All lines from the one containing "Die Wohnfläche beträgt" through the final line of the listing below, and no others, must be returned exactly; no pictures belong in the copy.

---------- Information supplied

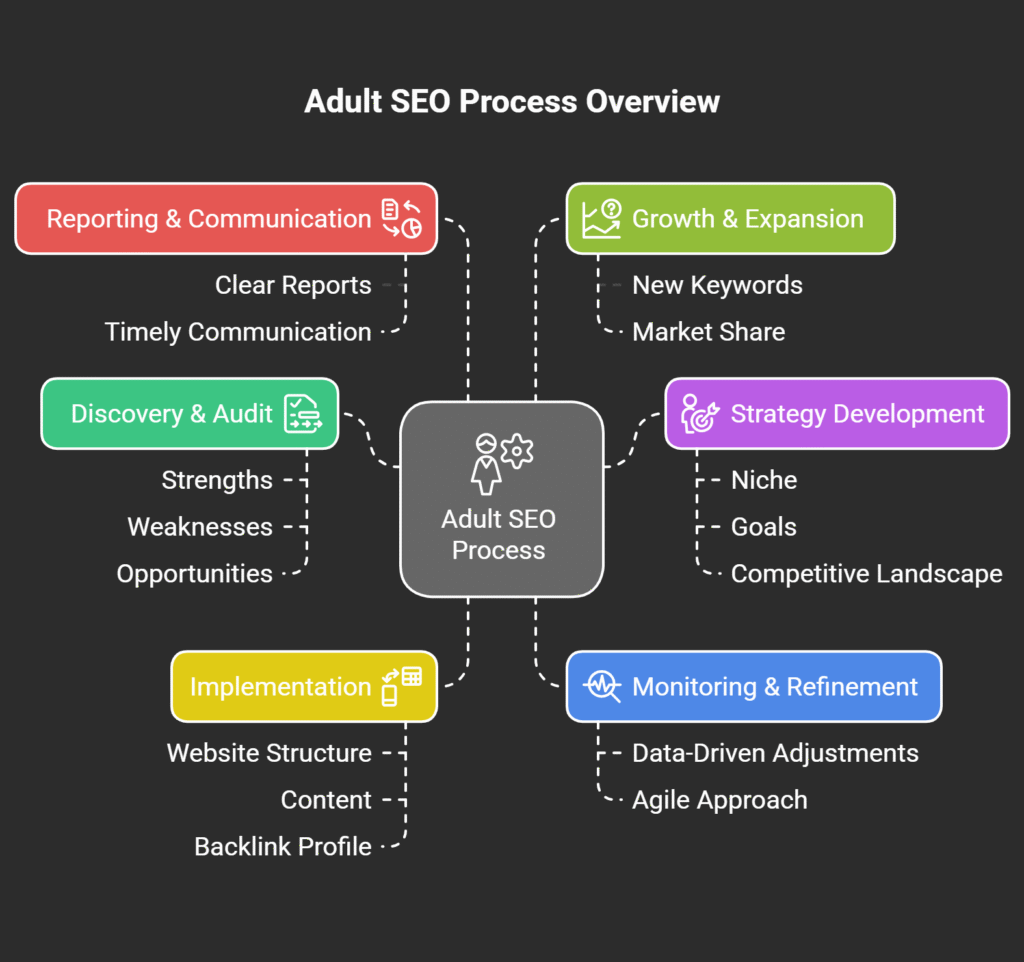 We follow a systematic approach to adult SEO that addresses the unique challenges of the industry while maximizing results. Our process is transparent, data-driven, and focused on delivering measurable improvements to your website’s performance.
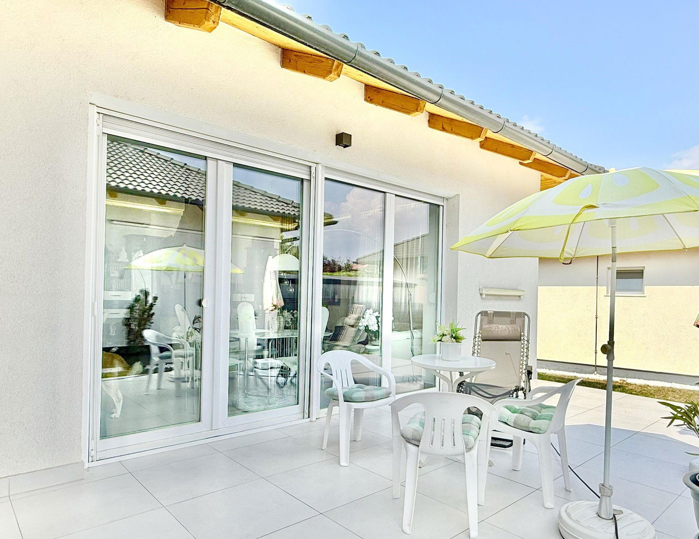 Die Wohnfläche beträgt ca. 107,30?m². Zusätzlich gibt es eine großzügige Terrasse mit über 21?m². Der offene Wohn- und Essbereich ist lichtdurchflutet und geht fließend in die Küche über. Zwei Schlafzimmer, ein modernes Bad mit Dusche und Wanne, ein separates WC sowie hochwertige Einbauschränke machen das Haus sofort bezugsbereit.
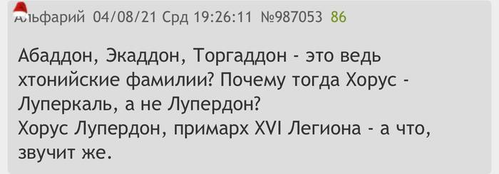 361 Aspid86 Warhammer 40k & FB Серия Категория Б Категория Б 10 месяцев назад Показать полностью 13 Wh humor Warhammer 40k Мемы Мат Картинка с текстом Длиннопост 3 3 2 1 Ещё 0

--------------------

## Exercise answer
 Die Wohnfläche beträgt ca. 107,30?m². Zusätzlich gibt es eine großzügige Terrasse mit über 21?m². Der offene Wohn- und Essbereich ist lichtdurchflutet und geht fließend in die Küche über. Zwei Schlafzimmer, ein modernes Bad mit Dusche und Wanne, ein separates WC sowie hochwertige Einbauschränke machen das Haus sofort bezugsbereit.
 361 Aspid86 Warhammer 40k & FB Серия Категория Б Категория Б 10 месяцев назад Показать полностью 13 Wh humor Warhammer 40k Мемы Мат Картинка с текстом Длиннопост 3 3 2 1 Ещё 0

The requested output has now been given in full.